Directions:
The whole listing that follows, pictures excepted, should be printed again exactly as given.

─── Source material ───

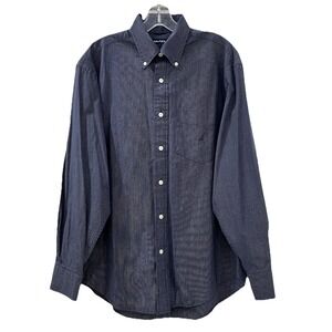 Nautica Mens Shirt M Blue Multicolor Check Button Down L/S 80's Two Ply Cotton
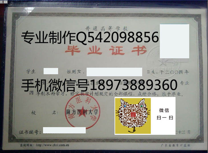 南方医科大学毕业证样本
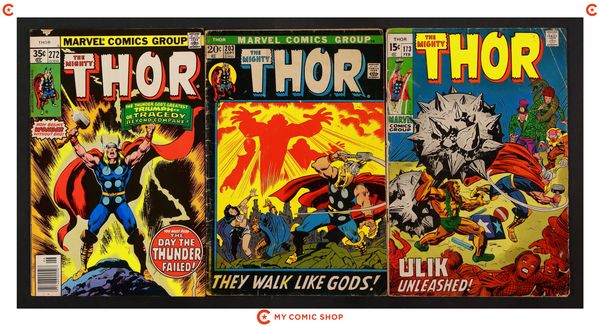 Issues 173, 203, 272 of Thor (1962 Marvel 1st Series Journey Into Mystery). Most will grade in the FR to GD range with 272 grading VG.
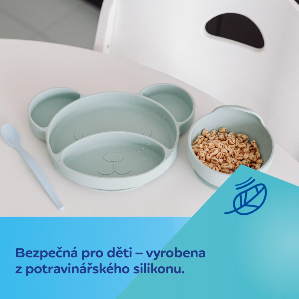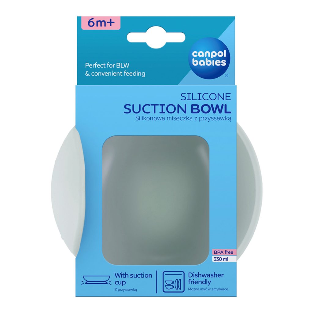 Silikonová miska s přísavkou je perfektní pro první příkrmy vašeho miminka na začátku jeho dobrodružství s rozšiřováním jídelníčku včetně metody BLW. Dětská miska Canpol babies má protiskluzovou přísavku, která zabraňuje nekontrolovanému pohybu misky po povrchu stolu nebo desky krmící židličky a zabraňuje převrácení nebo úplnému shození nádobí na podlahu. Zaoblené tvary a zvýšený, profilovaný okraj misky usnadňují dítěti nabírání jídla. Je vyrobena ze 100% vysoce kvalitního potravinářského silikonu. Silikonové nádobí je flexibilní a trvanlivé, odolné proti nárazům a pádům, nepohlcuje pachy. Perfektní pro podávání polévky, těstovin, jogurtu s ovocem nebo mléka s cereáliemi. Miska Canpol babies se snadno čistí a je odolná vůči vysokým teplotám - lze ji ohřívat v mikrovlnné troubě a mýt v myčce.

───

Solution:
 Nautica Mens Shirt M Blue Multicolor Check Button Down L/S 80's Two Ply Cotton
 南方医科大学毕业证样本
 Issues 173, 203, 272 of Thor (1962 Marvel 1st Series Journey Into Mystery). Most will grade in the FR to GD range with 272 grading VG.
 Silikonová miska s přísavkou je perfektní pro první příkrmy vašeho miminka na začátku jeho dobrodružství s rozšiřováním jídelníčku včetně metody BLW. Dětská miska Canpol babies má protiskluzovou přísavku, která zabraňuje nekontrolovanému pohybu misky po povrchu stolu nebo desky krmící židličky a zabraňuje převrácení nebo úplnému shození nádobí na podlahu. Zaoblené tvary a zvýšený, profilovaný okraj misky usnadňují dítěti nabírání jídla. Je vyrobena ze 100% vysoce kvalitního potravinářského silikonu. Silikonové nádobí je flexibilní a trvanlivé, odolné proti nárazům a pádům, nepohlcuje pachy. Perfektní pro podávání polévky, těstovin, jogurtu s ovocem nebo mléka s cereáliemi. Miska Canpol babies se snadno čistí a je odolná vůči vysokým teplotám - lze ji ohřívat v mikrovlnné troubě a mýt v myčce.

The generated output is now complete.